What sets villagers at such a disadvantage in the process provided in the Compensation Law is the lack of independence of the damage assessment commissions and the absence of any effective appeals procedure. Villagers have no realistic alternative and must accept whatever terms the commissions care to propose. To refuse a conciliation offer would be to embark on a legal fight that, considering the pace of legal processes in Turkey, would entail a further decade of delay and substantial litigation expense. And as the analysis in this section shows, there would be little hope of justice at the end of that long fight. This is an almost unbearable prospect for a group of already traumatized and impoverished victims.

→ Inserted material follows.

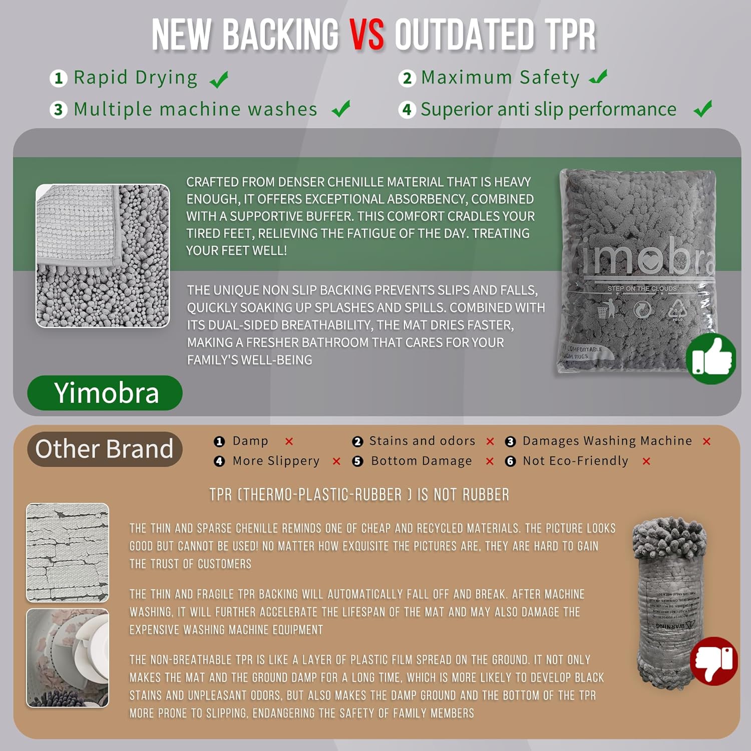 - Total Grip Safety & Quick Dry: Yimobra bath rug features a feather-light yet ultra-grippy hot-melt backing that stays firmly in place on wet surfaces. Its vertical air-channel chenille fibers ensure rapid and complete dryness, providing instant dry safety the moment you step out of the shower. The product is tested for harmful substances, performance, longevity, and emissions in accordance with the OEKO-TEX Standard 100

Theoretically, if a villager finds the assessment commission’s conciliation offer unacceptable, he can go to court. In practice, this is not an option. Under administrative court rules, litigants opening an action must pay into court approximately 4 percent of their claim. But these are poor villagers, reduced to a state of misery by wide-scale criminal acts committed by officials of the state they would be challenging in the courts. A displaced farmer who has to sell puddings on the street to buy school books for his child cannot afford to lay out large sums in the hope of winning a court action against the state responsible for the tort originally committed against him.

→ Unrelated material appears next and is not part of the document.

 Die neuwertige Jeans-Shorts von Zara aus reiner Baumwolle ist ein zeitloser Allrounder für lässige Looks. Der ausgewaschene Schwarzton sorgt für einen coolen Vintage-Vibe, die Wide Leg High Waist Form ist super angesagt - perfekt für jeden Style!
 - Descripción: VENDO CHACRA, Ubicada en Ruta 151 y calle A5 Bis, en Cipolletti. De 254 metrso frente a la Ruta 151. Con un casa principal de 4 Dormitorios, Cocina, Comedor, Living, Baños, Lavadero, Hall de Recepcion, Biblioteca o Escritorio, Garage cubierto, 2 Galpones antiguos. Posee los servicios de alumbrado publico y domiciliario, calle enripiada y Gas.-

Diyarbakır lawyer Habibe Deyar described the stark non-choices:

The assessment commission puts the offer in front of us. We have 20 days to decide. If my client feels he should be paid TL 100,000 [US$67,000], he has to find TL 4,000 [$2,680, to pay into court]. The case may take four years in the administrative court. If he wins, the state will appeal and the case will go to the Council of State. That will take another five years. Nine years—without much prospect of success, because we will have to start from the beginning by proving the state’s responsibility for the burnings. The last time we tried to do that they prosecuted us.24

The Dictator Game

Game theory is a branch of mathematics that studies strategic situations where players choose various tactics in order to maximize their returns. In the Ultimatum Game the proposer has to divide a large sum of money between himself and the respondent, who can take it or leave the offer. If he leaves it, neither side gets anything. Research shows that the proposer tends to offer almost half of the total sum, fearing a spiteful response from the respondent who, experiments show, is unlikely to settle for much less than half. In a variant of this, the Dictator Game, the proposer simply allocates what he likes and there is nothing the respondent can do about it. With no fear of reprisal, the proposer makes a much stingier offer. In fact, the rational offer, under these circumstances, is to give nothing at all, but in practice proposers often give a nominal sum, which researchers suggest is an “investment in reputation.”

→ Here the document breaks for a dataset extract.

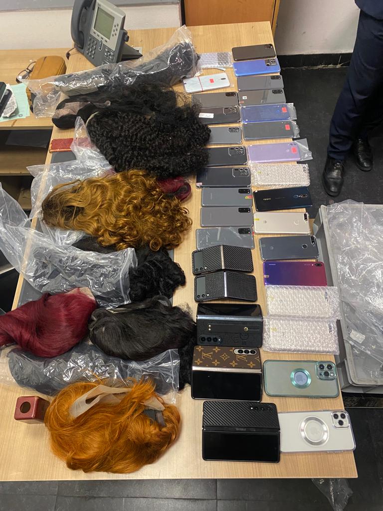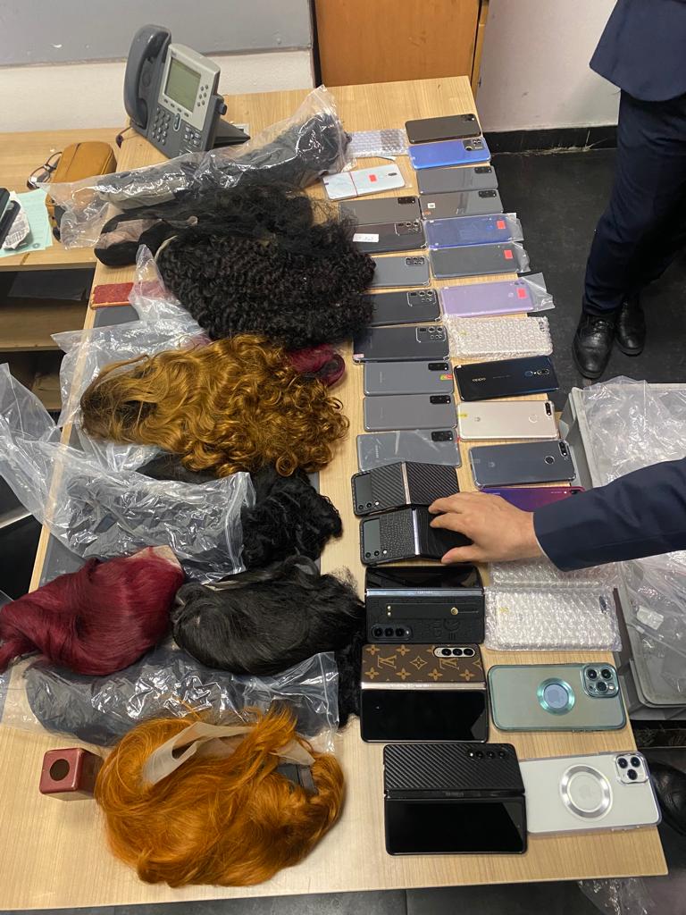 ضبط راكب أجنبي حاول تهريب 31 هاتف محمول وشعر مستعار بمطار القاهرة (صور)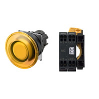 押ボタンスイッチ(φ22), 照光, 樹脂ベゼル, きのこ形, モーメンタリ, ボタンの色: 黄, IP66, プッシュインPlus端子台, 接点構成: -/点灯ユニット/NC, LEDランプ色: 黄, LEDランプ電圧: AC/DC12V

The Dictator Game is a nearly perfect model of how damage assessment commissions are operating. The applicants have no realistic course of action other than to accept what is offered. The only leverage on the commissions to offer anything at all is the need to make the transaction appear to be a genuine compensation process. Giving zero to every applicant would not play well publicly within Turkey or in Brussels, now that the issue of the displaced has been included in the EU accession partnership, and might provoke a swift reversal of the Içyer decision. 25

Villagers accept the conciliation proposals not because this is the best option available to them, but because it is really the only option. Even families whose applications are rejected out of hand tend not to challenge the decision through the courts. Diyarbakır lawyer Sedat Aydın described how six families displaced from a village near Çınar, because they had refused service as village guards, were rejected from the Compensation Law process on the basis of testimony given by the current muhtar and the man who was muhtar at the time of the displacement. These officials said that the families had left of their own accord, but both muhtars were village guards, and the lawyer had good grounds for believing that the testimony was untrue. “I discussed the possibility of opening a case. The problem is, I would have to pay in the fee before opening the case. [The six families] decided not to take legal action for financial reasons.”26

There are provisions for state payment of court fees for destitute persons, but all displaced villagers who hold land (which would include most applicants, since their complaint is the unlawful denial of access to their land and house) are disqualified by that fact.



23 Human Rights watch interview with displaced villager N.Z., Elazığ, April 5, 2006.

24 See International Commission of Jurists, “Turkey: Final report on the trial of the president of the bar and three other lawyers,” February 11, 2004. Habibe Deyar and other Diyarbakır lawyers who attempted to bring court actions concerning displacement were indicted for “insulting the security forces,” but were finally acquitted.

25 See, for example, Bolton, Gary, Elena Katok and Rami Zwick (1998), "Dictator Game Giving: Rules of Fairness Versus Acts of Kindness", International Journal of Game Theory, 27, pp. 269-99.

26 Human Rights Watch interview with lawyer Sedat Aydın, Diyarbakır, April 4, 2006.